You are a helpful medical assistant specialized in PCOS.

Use ONLY the information in the context below to answer the user's question.
If the answer is not in the context, say clearly:
"I’m not able to find this information in the provided documents."

<context>
{context}
</context>

Question: {question}

Give a clear, friendly, and concise answer.
""")


In [None]:
# Chaining it together
rag_chain=(
    {"context":retriever,"question": RunnablePassthrough()}
    | prompt
    | llm
    | StrOutputParser()
)

In [None]:
# Checking our Chain
test_Q = "What is Pcos and what can they eat for maintaining health"

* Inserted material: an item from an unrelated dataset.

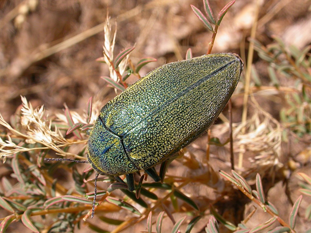 Quel che accennavo tempo fa era la possibilità che in passato almeno una specie di Julodis possa essere esistita in Sicilia. Ci sarebbe anche una vecchia citazione per quest'isola, presa sul serio da nessuno, che in realtà potrebbe anche essere fondata, e non frutto di errore di cartellinatura. Sarebbe comunque un esemplare mal determinato, come Julodis pilosa, che è specie del Marocco occidentale. Ma quello non sarebbe un problema, perché fa parte del gruppo di J. onopordi, con specie che sono in passato state spesso confuse, e che arriva a Lampedusa. Io credo, però, che molto probabilmente ora queste bestie in Sicilia non ci siano più, perché a causa del modo di vita delle larve, le loro popolazioni sono state devastate dalle arature profonde permesse dai trattori. Teoricamente non si può escludere che possano esserci ancora su alcuni rilievi xerici della Sicilia occidentale, anche se è molto difficile. Sempre che ci siano mai state. Si potrebbe pensare che una bestia di queste dimensioni non possa passare inosservata all'occhio di un entomologo, eppure non sono così facili da vedere come sembra. Sembra strano, ma su alcune piante sono molto difficili da vedere. Ricordo ancora la fatica fatta per trovare un po' di Julodis chrysesthes in Tunisia. Dopo anni di tentativi andati a vuoto, un giorno, mentre raggiungevo il Magnani che stava sfasciando la radice di un limoniastro con larve di Sphenoptera, dopo che aveva girato tutto un tratto di semideserto disseminato di piccoli arbusti, per caso ne ho visto un esemplare aggrappato ad un arbusto di non più di 30 cm, zeppo di foglioline succulente verdine e di fiorellini gialli, così come l'insetto è verde ricoperto di pruinosità gialla. In pratica, ci passi affianco e non lo vedi, pur essendo una bestia di tre cm buoni. In un'oretta, ne è uscita fuori una discreta serietta, ma sarebbe bastato non vedere il primo, e avrei continuato a pensare che quella specie fosse introvabile. Un'altra zona dove stranamente non è mai stato trovato, è la Sardegna, che pure si presterebbe per il tipo di ambiente e considerando le numerose affinità biologiche col Nord Africa, anche tra i Buprestidi. Ancor più strano considerando che il genere vive anche in Spagna e nel Sud della Francia. Ad Est, invece, una specie raggiunge l'Albania, di due presenti nei Balcani. La penisola italiana sembrerebbe invece che non siano mai riusciti a raggiungerla.

answer = rag_chain.invoke(test_Q)

print(f" Question: {test_Q}")
print()
print(f"answer: {answer}")

 Question: What is Pcos and what can they eat for maintaining health

answer: PCOS stands for Polycystic Ovary Syndrome, a condition associated with inflammation, heart disease, and other health issues. 

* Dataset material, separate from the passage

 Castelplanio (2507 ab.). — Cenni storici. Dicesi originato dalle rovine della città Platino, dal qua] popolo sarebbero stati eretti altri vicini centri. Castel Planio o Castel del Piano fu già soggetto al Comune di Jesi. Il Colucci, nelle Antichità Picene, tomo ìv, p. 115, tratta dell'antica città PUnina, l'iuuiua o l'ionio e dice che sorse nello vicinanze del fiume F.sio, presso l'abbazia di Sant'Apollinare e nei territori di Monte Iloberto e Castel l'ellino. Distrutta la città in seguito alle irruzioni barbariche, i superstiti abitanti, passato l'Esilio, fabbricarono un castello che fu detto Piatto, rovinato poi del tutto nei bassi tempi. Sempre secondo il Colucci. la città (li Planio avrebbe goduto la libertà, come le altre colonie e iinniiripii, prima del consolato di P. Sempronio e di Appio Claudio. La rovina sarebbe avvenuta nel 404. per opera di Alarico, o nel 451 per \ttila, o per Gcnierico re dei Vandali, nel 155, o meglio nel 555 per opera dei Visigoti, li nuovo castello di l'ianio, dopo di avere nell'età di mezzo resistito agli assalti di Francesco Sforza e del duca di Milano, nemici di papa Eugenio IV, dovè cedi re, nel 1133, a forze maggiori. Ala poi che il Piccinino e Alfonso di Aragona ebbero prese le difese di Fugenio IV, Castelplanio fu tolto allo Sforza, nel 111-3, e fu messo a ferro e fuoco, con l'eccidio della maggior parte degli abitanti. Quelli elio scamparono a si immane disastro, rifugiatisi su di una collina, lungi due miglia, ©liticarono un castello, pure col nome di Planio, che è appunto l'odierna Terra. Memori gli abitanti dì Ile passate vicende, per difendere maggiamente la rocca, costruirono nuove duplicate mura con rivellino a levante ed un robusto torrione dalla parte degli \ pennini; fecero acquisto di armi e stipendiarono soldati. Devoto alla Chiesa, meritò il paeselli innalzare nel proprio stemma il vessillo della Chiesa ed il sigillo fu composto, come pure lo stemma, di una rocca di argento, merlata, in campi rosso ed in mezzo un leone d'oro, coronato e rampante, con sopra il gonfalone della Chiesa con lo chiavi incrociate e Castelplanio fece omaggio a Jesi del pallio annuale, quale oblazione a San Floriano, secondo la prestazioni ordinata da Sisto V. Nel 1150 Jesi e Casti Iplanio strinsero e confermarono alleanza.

To maintain health, people with PCOS can follow a well-balanced diet that includes:

- Non-starchy vegetables
- Fruits
- Lean protein
- Healthy carbs
- Low-fat dairy

They can also consider the Mediterranean diet, which eliminates saturated fats, processed meats, and refined sugar. Some examples of healthy foods include:

- Whole, unprocessed options
- Fresh fruits and vegetables
- Lean protein sources
- Whole grains
- Low-fat dairy products

Avoiding foods that can cause inflammation, such as fried foods, red meat, processed snacks, and sugary beverages, can also help manage PCOS symptoms.